The Financial Stability Report spells out the bad loan issues but falls short on solutions
Despite a spate of recent efforts, the non-performing assets in the banking system do not seem to be bottoming out in a hurry. Even under normal or ‘baseline’ circumstances, the gross NPAs are expected to increase from 11.6 per cent of gross advances in 2017-18 to 12.2 per cent this year. The NPAs of 11 public sector banks under ‘prompt corrective action’ are slated to worsen from 21 per cent to 22.3 per cent. The latest Financial Stability Report refers to risks arising out of commodity price increases, protectionism, rising interest rates, led by the US, and ruptures in global liquidity as potential macro complications in this scenario. If the spate of large loan defaults is anything to go by, generous provisioning and stringent disclosure norms by way of ‘special mention accounts’ seem justified. The share of large borrowers (those with an exposure over ₹5 crore) in gross NPAs is quite the same since March 2016, at over 85 per cent. How soon the public sector banks come out of the red would in fact seem to depend more on the bankruptcy code resolving some of these big cases than any sudden spurt in lending; in that event, the provisions would translate into profits. The FSR observes that power and telecom remain areas of stress, with garments and food processing doing better. In an interaction with Businessline, Steel Minister Birender Singh observed that the NPA situation had improved remarkably with respect to the sector, following the resolution of Bhushan Steel and Electrosteel debt with smaller ‘haircuts’ than anticipated.

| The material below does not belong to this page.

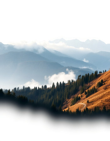 Foggy mountain landscape on a sunny day. Carpathians, Ukraine, Europe.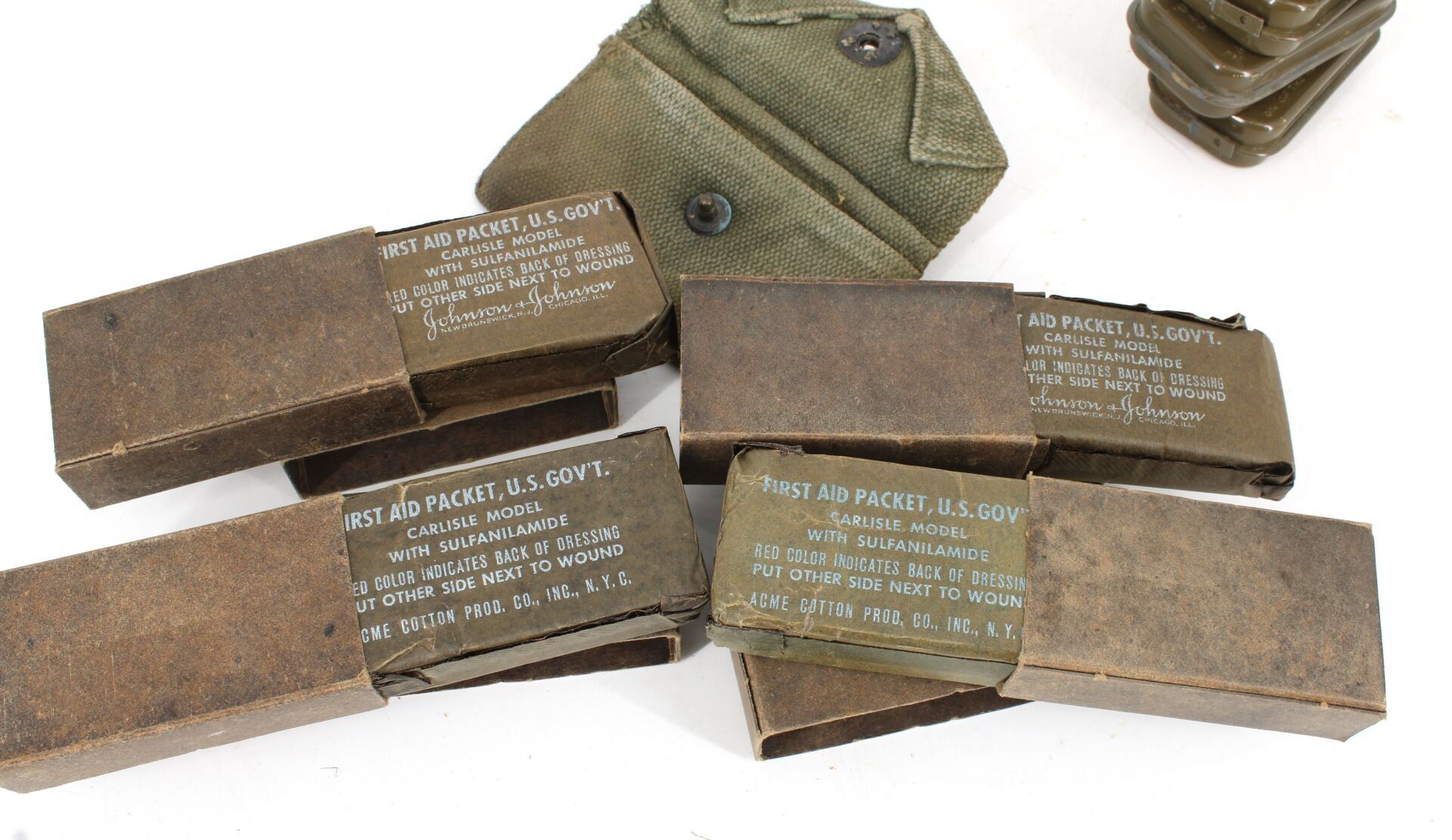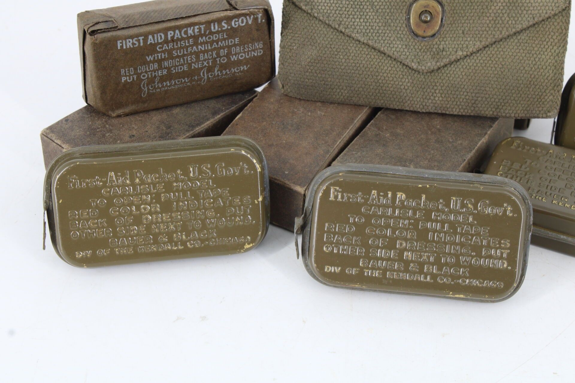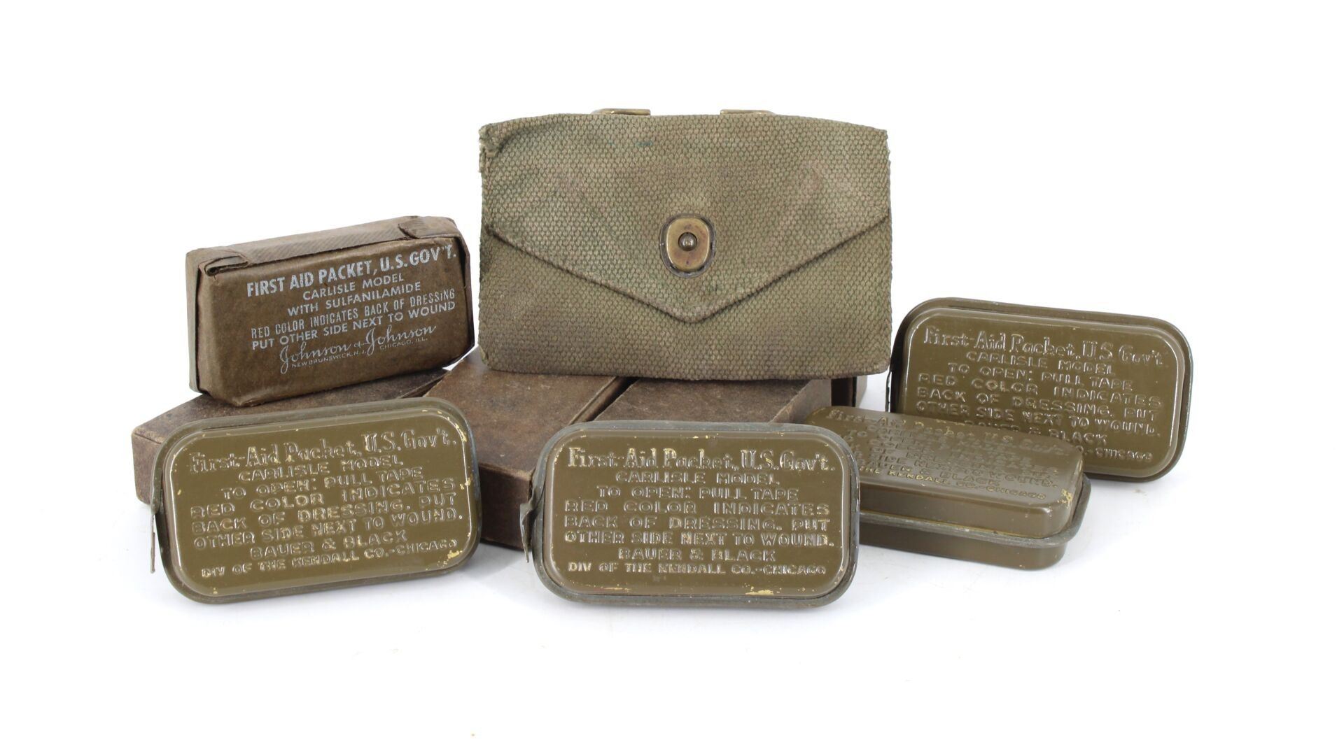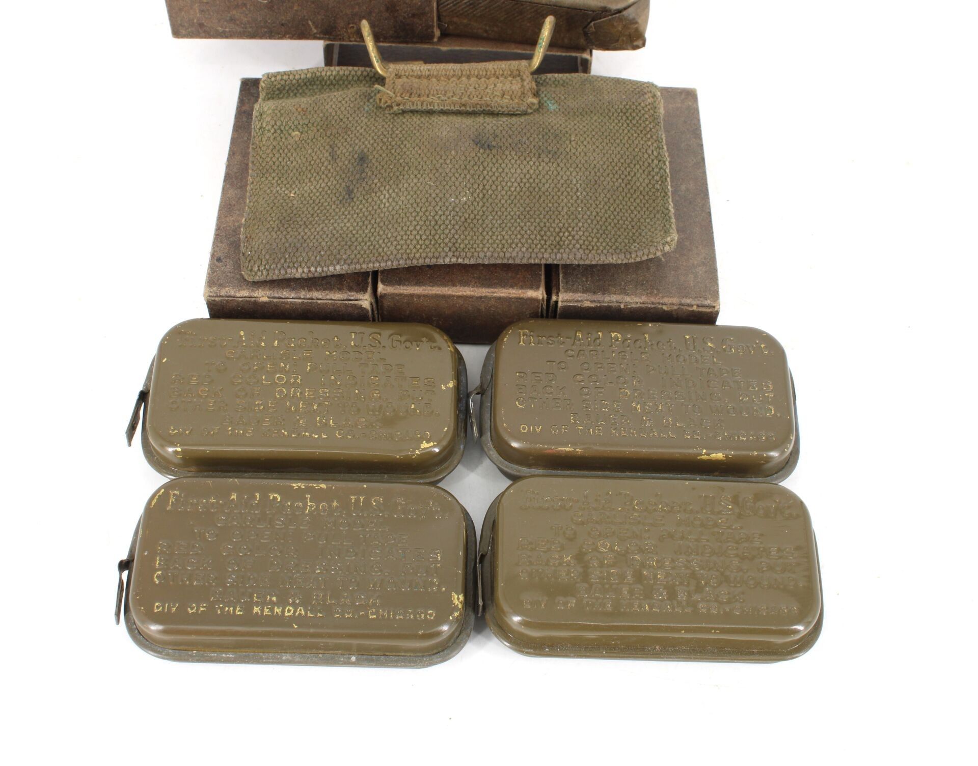 Set comprising one dressing pouch, four unopened metal box dressings & four cardboard box dressings.

This is likely to revive lending to steel units all over again.
However, it is in small units that the provisioning could be excessive, with lending being hit as a whole in a climate of apprehension and policing. The RBI and the Centre need to address governance issues rather than indiscriminately wield the bludgeon, as it were. If some private banks have shown much lower NPAs (in the region of 4 per cent), one of the reasons is that their bankers have been trained as specialists, unlike their PSB counterparts who have worked across often disparate verticals. The boards of banks should comprise directors who can be made to account for their decisions. The sector needs robust institutional solutions rather than knee-jerk responses.
The RBI’s approach of linking recapitalisation to taking corrective steps is unexceptionable. But managerial problems need to be addressed as well. NPAs are a product of leaky and corrupt banking systems; they cannot be resolved merely be naming and shaming some individuals.